Drivers: 50mm dual chamber neodymium
Connectivity: 3.5mm analog/USB mixer
Frequency response: 13Hz-27,000Hz
Features: Detachable noise-cancelling mic, mixer, 7.1 virtual surround sound tuning
I’m not sold on the bass sliders and the mixer, then, but the bigger selling point is that 7.1 virtual surround sound. The “virtual” bit means that this is still a stereo headset with two speaker drivers, but it has fancy tech to trick your brain into thinking it’s hearing sound from seven speakers in different directions (in contrast to “real” surround sound headsets that actually have several drivers). You can add virtual surround sound to any old headset by downloading software, so what’s special about the Alpha S is not the presence of surround sound, but that HyperX has specially tuned and tested the tech specifically for this headset.
To turn it on, you just press the big 7.1 button in the middle of the mixer. I immediately noticed a huge difference. On the plus side, individual sounds—particularly quitier, incidental noises—were easier to make out. In The Witcher 3, for example, I was able to hear the squelch of Geralt’s boot on a muddy road more clearly, which added to the atmosphere. In Sea of Thieves, I could hear the crackle of flames in the hearth, and, yes, in Fortnite I could distinguish footsteps more easily.
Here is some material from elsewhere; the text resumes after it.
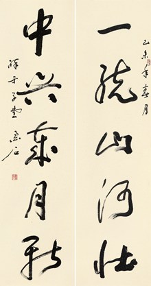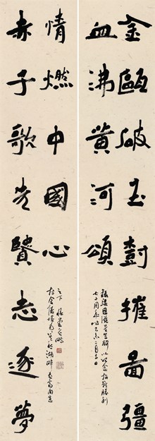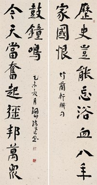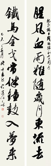 佟士委 《腥风·铁马》对联 行书 180cm×28cm×2 草书社 103936-1
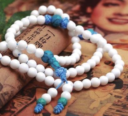 洁白的砗磲能够磨制成非常漂亮的白色珠子,这样优秀的珠子怎么能够不制作成珠串来使用呢?可以看到这个珠串虽然主要是由白色砗磲做的,但在中间加入了蓝色的绿松石和蓝色丝线编织而成的纽扣结。上述两者虽然颜色相同,但是却给这一串珠链带来了不同的修饰效果。前者不仅直径比白珠子要大一点,同时它上面的花纹也给这条手串增加了独特和个性的感觉。而蓝色纽扣结虽然比较的软,但是丝线的缠绕就很好的为这条手链增加了层次感。这样一款首饰,缠绕在女性白皙的手腕上应该是非常漂亮的。

By isolating individual sounds, it creates a more layered feel to each game world, and I found it easier to tell which sounds were closer and which were further away. But it didn’t help with the direction of sound: when I closed my eyes and tried to guess where each noise was coming from in the game world, it made no difference whether I turned the surround sound on or off.
Sadly, the tech also distorts almost every noise. Many mid-to-high sounds, such as a crying NPC in The Witcher 3, or the rustle of the wind through grass, sounded tinny. Every noise echoed, too: it sounded more like I was standing in the middle of a cavernous recording studio than in another world. The worst change was to dialogue. The echo made it sound like each voice was being run through several different microphones and speakers that weren’t quite in sync, ruining the immersion. I ended up just switching it off and playing with the regular, already-brilliant stereo setup.
The surround sound is the Alpha S’s big selling point, and it ends up being mediocre, so it’s therefore hard for me to recommend buying this headset over the Cloud Alpha. $30 is a lot of extra money: you’re essentially paying a third more for tech that, while giving you different options for your audio, doesn’t work as well as it should. If I were you, I’d stick with the base model and put the money you’ve saved towards a different piece of PC hardware.